Data excerpt:
■ ■ ■ ■ ■

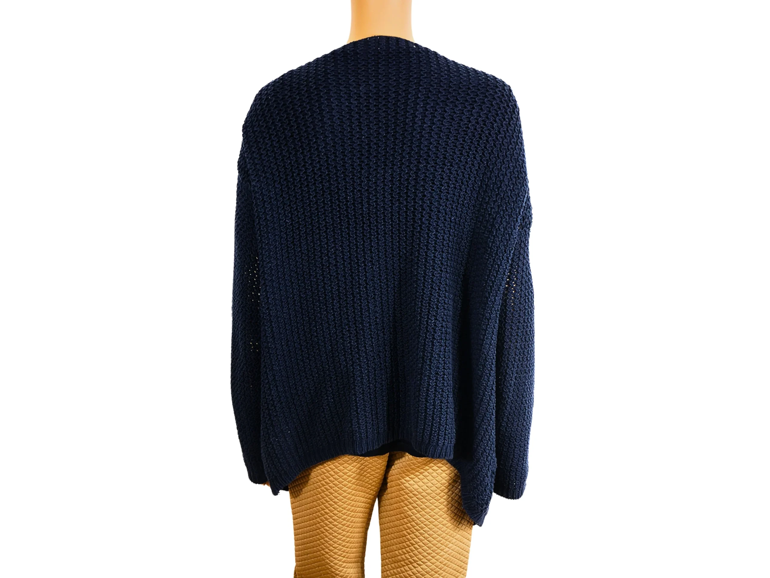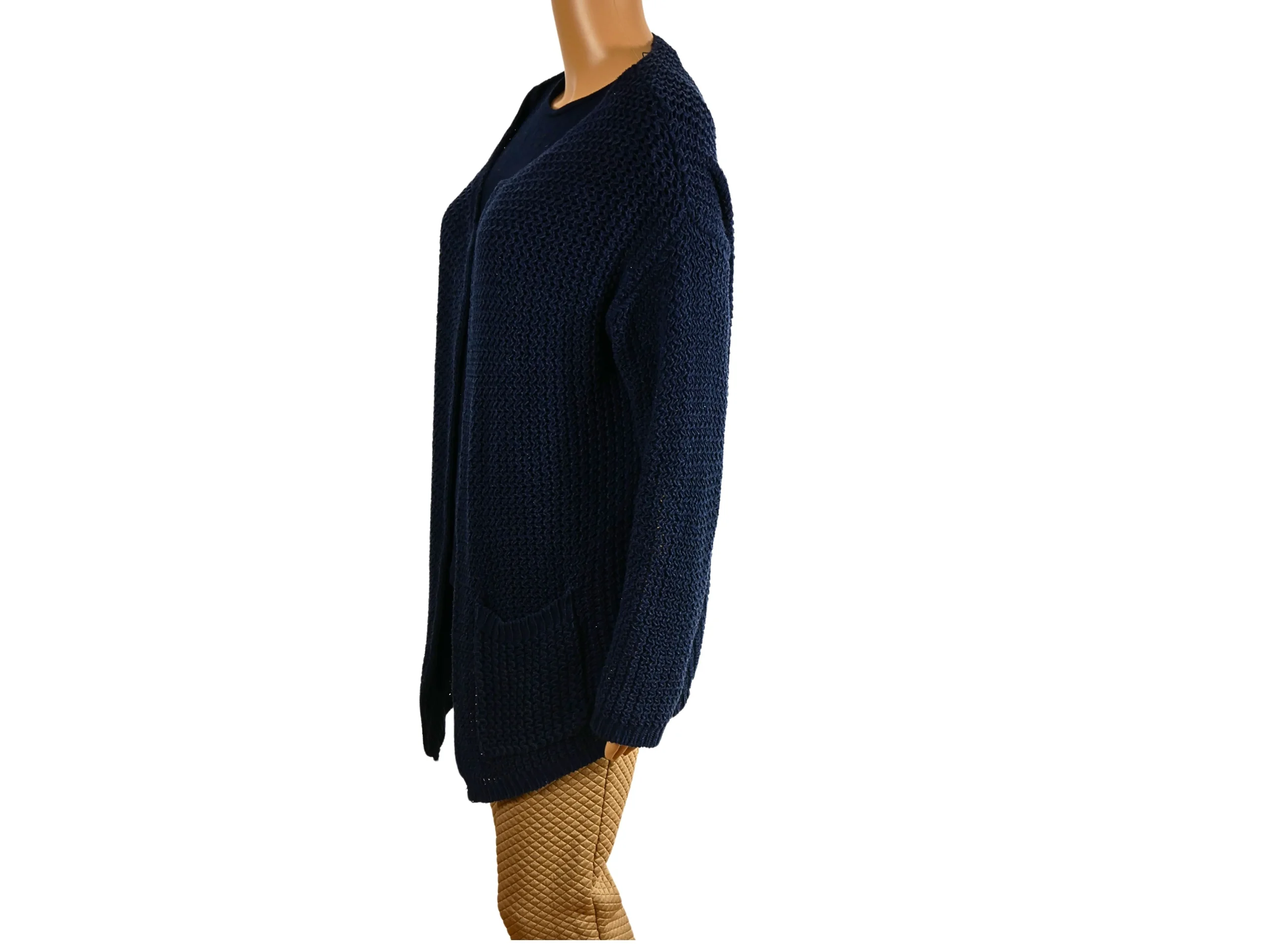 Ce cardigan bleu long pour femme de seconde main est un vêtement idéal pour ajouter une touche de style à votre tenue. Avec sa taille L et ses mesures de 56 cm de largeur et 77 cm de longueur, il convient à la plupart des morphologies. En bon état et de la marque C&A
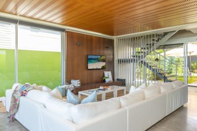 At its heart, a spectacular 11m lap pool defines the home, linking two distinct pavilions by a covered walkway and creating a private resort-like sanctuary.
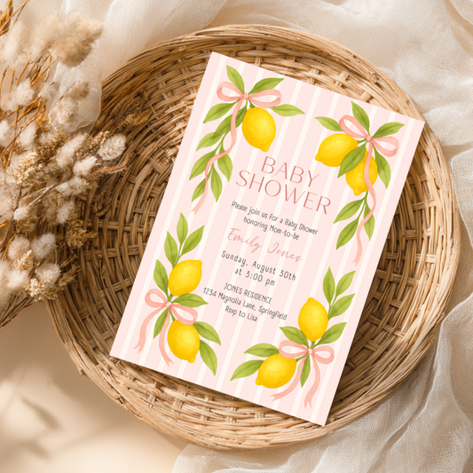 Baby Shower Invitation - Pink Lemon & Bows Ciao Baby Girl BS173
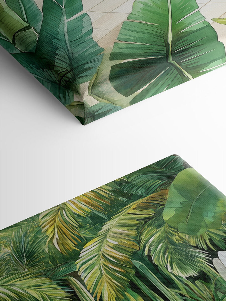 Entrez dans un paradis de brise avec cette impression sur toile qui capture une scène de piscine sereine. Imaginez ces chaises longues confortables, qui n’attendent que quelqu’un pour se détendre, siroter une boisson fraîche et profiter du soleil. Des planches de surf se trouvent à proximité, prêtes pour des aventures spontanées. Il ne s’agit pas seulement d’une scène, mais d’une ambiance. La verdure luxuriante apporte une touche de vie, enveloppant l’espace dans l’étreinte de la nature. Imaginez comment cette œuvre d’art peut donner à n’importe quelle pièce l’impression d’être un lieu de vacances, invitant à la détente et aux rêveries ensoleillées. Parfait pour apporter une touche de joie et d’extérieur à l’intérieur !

■ ■ ■ ■ ■

Transcribe only this stretch of the data: the line with "At its heart, a", the line with "Baby Shower Invitation", and every line in between. Leave out the pictures.

The completed task:
 At its heart, a spectacular 11m lap pool defines the home, linking two distinct pavilions by a covered walkway and creating a private resort-like sanctuary.
 Baby Shower Invitation - Pink Lemon & Bows Ciao Baby Girl BS173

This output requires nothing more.